### WORK TO COMPLETE
Leaving out every image, restate all the records word for word.

Segment Start: SOURCE DATA

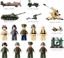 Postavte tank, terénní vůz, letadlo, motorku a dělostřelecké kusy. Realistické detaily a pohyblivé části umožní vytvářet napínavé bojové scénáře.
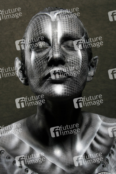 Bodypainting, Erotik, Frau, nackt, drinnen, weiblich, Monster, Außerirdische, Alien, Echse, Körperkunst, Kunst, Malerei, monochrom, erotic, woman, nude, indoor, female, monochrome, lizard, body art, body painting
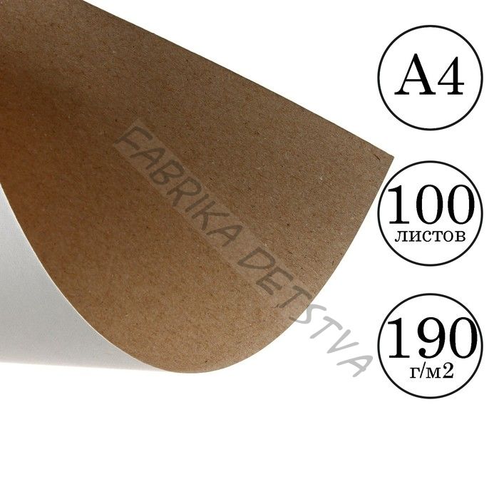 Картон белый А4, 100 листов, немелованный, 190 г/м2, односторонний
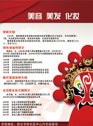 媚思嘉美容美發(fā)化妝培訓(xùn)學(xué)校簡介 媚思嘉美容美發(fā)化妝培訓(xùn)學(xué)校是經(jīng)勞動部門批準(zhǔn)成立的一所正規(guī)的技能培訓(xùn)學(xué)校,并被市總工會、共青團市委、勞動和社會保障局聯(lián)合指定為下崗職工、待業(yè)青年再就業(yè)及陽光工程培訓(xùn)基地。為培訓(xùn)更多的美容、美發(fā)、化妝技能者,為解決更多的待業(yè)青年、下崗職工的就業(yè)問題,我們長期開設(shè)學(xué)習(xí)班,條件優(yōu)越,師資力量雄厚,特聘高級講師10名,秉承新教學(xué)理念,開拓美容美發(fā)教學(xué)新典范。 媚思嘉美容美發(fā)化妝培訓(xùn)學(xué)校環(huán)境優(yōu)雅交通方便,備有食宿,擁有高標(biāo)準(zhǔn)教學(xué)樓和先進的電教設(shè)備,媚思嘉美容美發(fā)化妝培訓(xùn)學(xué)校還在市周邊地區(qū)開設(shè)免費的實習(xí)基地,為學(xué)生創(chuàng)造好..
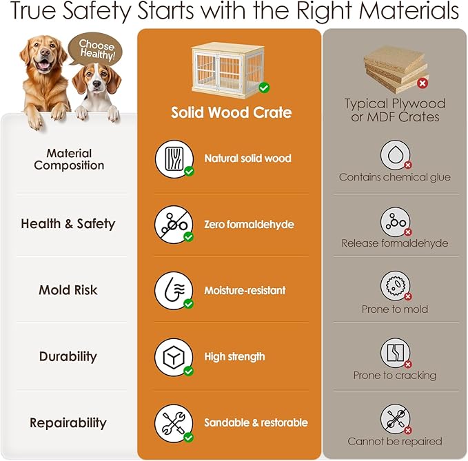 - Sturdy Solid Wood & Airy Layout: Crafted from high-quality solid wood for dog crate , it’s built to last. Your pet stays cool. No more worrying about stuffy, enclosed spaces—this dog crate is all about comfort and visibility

Segment End: SOURCE DATA

### OUTPUT OF THE TASK
 Postavte tank, terénní vůz, letadlo, motorku a dělostřelecké kusy. Realistické detaily a pohyblivé části umožní vytvářet napínavé bojové scénáře.
 Bodypainting, Erotik, Frau, nackt, drinnen, weiblich, Monster, Außerirdische, Alien, Echse, Körperkunst, Kunst, Malerei, monochrom, erotic, woman, nude, indoor, female, monochrome, lizard, body art, body painting
 Картон белый А4, 100 листов, немелованный, 190 г/м2, односторонний
 媚思嘉美容美發(fā)化妝培訓(xùn)學(xué)校簡介 媚思嘉美容美發(fā)化妝培訓(xùn)學(xué)校是經(jīng)勞動部門批準(zhǔn)成立的一所正規(guī)的技能培訓(xùn)學(xué)校,并被市總工會、共青團市委、勞動和社會保障局聯(lián)合指定為下崗職工、待業(yè)青年再就業(yè)及陽光工程培訓(xùn)基地。為培訓(xùn)更多的美容、美發(fā)、化妝技能者,為解決更多的待業(yè)青年、下崗職工的就業(yè)問題,我們長期開設(shè)學(xué)習(xí)班,條件優(yōu)越,師資力量雄厚,特聘高級講師10名,秉承新教學(xué)理念,開拓美容美發(fā)教學(xué)新典范。 媚思嘉美容美發(fā)化妝培訓(xùn)學(xué)校環(huán)境優(yōu)雅交通方便,備有食宿,擁有高標(biāo)準(zhǔn)教學(xué)樓和先進的電教設(shè)備,媚思嘉美容美發(fā)化妝培訓(xùn)學(xué)校還在市周邊地區(qū)開設(shè)免費的實習(xí)基地,為學(xué)生創(chuàng)造好..
 - Sturdy Solid Wood & Airy Layout: Crafted from high-quality solid wood for dog crate , it’s built to last. Your pet stays cool. No more worrying about stuffy, enclosed spaces—this dog crate is all about comfort and visibility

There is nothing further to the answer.